In 1952 and 1953, King attended philosophy classes at Harvard University as an audit student.

King was appointed pastor of the Dexter Avenue Baptist Church in Montgomery, Alabama, at the age of 25 in 1954. King received his Ph.D. degree in 1955 with a dissertation (initially supervised by Edgar S. Brightman, and Lotan Harold DeWolf) titled A Comparison of the Conceptions of God in the Thoughts of Paul Tillich and Henry Nelson Wieman's Philosophy.

According to an academic inquiry, portions of his doctoral dissertation had been plagiarized and he had behaved incorrectly. Nonetheless, "[d]essing its conclusion, the committee found that "no reason should be given to Dr. King's doctoral degree revocation," a decision that the panel said would have no use." The committee found that the dissertation "has a strong contribution to scholarship." A letter has been attached to a copy of King's dissertation that was on display in the university library, noting that many passages were included in the university library without providing the appropriate quotations and citations. A substantial debate exists over how to interpret King's plagiarism.

When attending Boston University, he asked Mary Powell, a New England Conservatory of Music undergraduate, if she knew any good Southern girls.
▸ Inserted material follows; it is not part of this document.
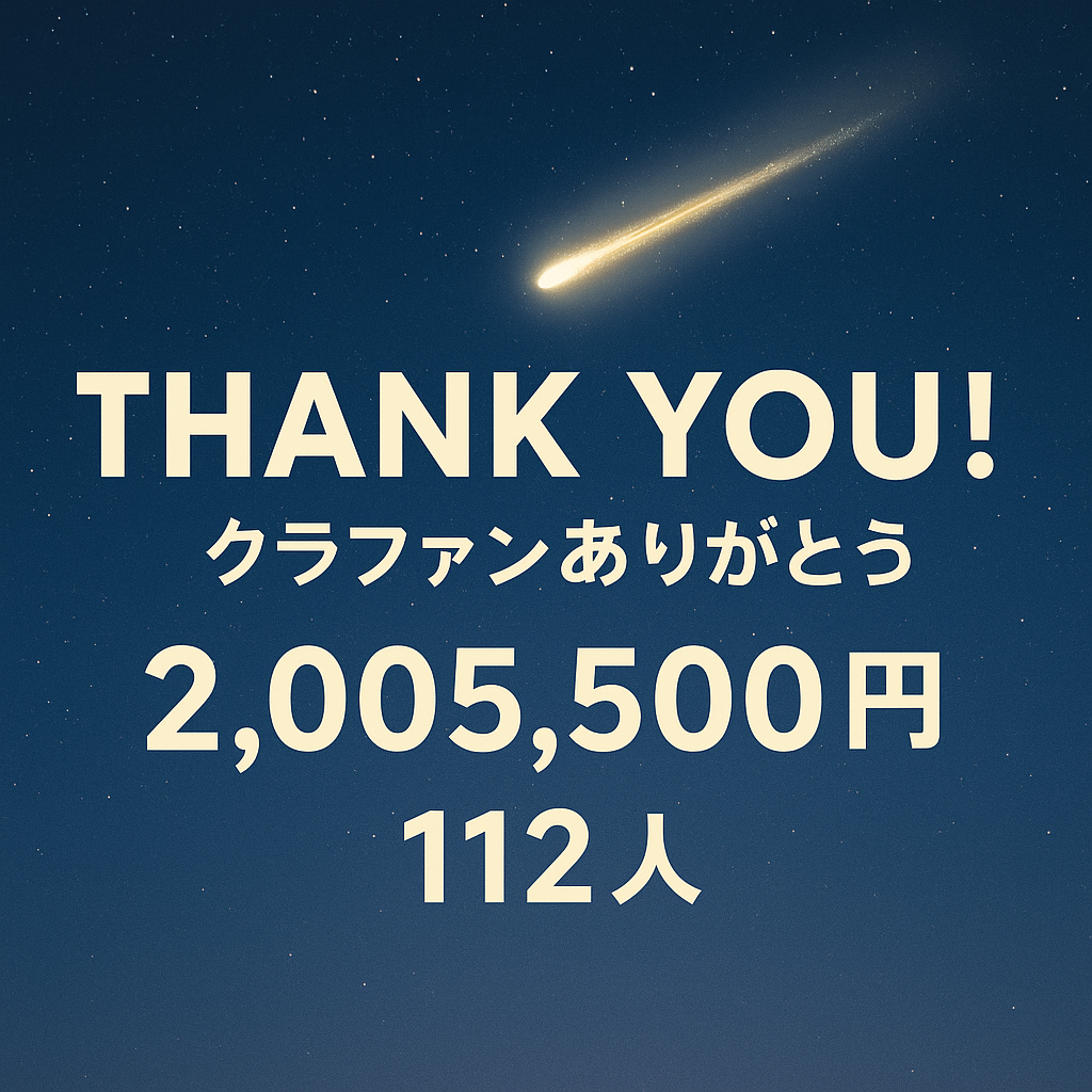 2025/08/01 09:45クラウドファンディング、無事に終了いたしました!最終的に、112人の方から合計2,005,500円のご支援をいただきました。本当に、本当にありがとうございました。短冊に願いを込めてくださった方、メッセージをくださった方、シェアで応援してくださった方、そして静かに見守ってくださった方。このプロジェクトは「流れ星を待つ仲間づくり」だと、私たちは思っています。みなさんと出会えたことが、何よりの成果です。大阪・関西万博での展示も、多くの方々に足を運んでいただき、大きな反響をいただきました。「やっぱり、たくさんの人が流れ星を見たいと思ってくれている」そう実感できたことが、私たちにとって何よりの励みとなりました。これから、人工流れ星を流す日に向けて、準備の様子や、プロジェクトの進捗など、いろいろとご報告していきますね。楽しみにしていてください。Xアカウントでも随時会社の取り組みを発信してまいりますのでフォローいただけると大変嬉しいです!引き続き、どうぞよろしくお願いいたします。 もっと見る万博での展示 無事終わりました

Coretta Scott, a fellow student, asked if she was interested in meeting a Southern friend who was studying divinity. Scott was not keen on dating preachers, but eventually agreed to phone Martin based on Powell's description and vouching. On their first phone call, King told Scott, "I am like Napoleon at Waterloo," she replied, "You haven't even met me." They were out for dates in his green Chevy. The King was absolutely certain Scott had the attributes he wanted in a wife after his second date. Carol and Rod Serling, a classmate, had been an activist at Antioch in undergrad, where she and David Serling were schoolmates.

Coretta Scott married Coretta Scott on the lawn of her parents' house in Heiberger, Alabama, on June 18, 1953. They became the parents of four children: Yolanda King (1955–2007), Martin Luther King III (b. ), and Martin Luther King III (b. Dexter Scott King, 1957 (b. ), is a fictional actor who appeared on television. Bernice King (b. 1961) and Elvis (b. 1963. During her marriage, King restricted Coretta's involvement in the civil rights movement, wishing her to be a housewife and mother.

King returned to Atlanta at the request of the SCLC in December 1959, after being based in Montgomery for five years. King continued to preach with his father at the Ebenezer Baptist Church in Atlanta until his death, and he helped spread the Civil Rights Movement throughout the South.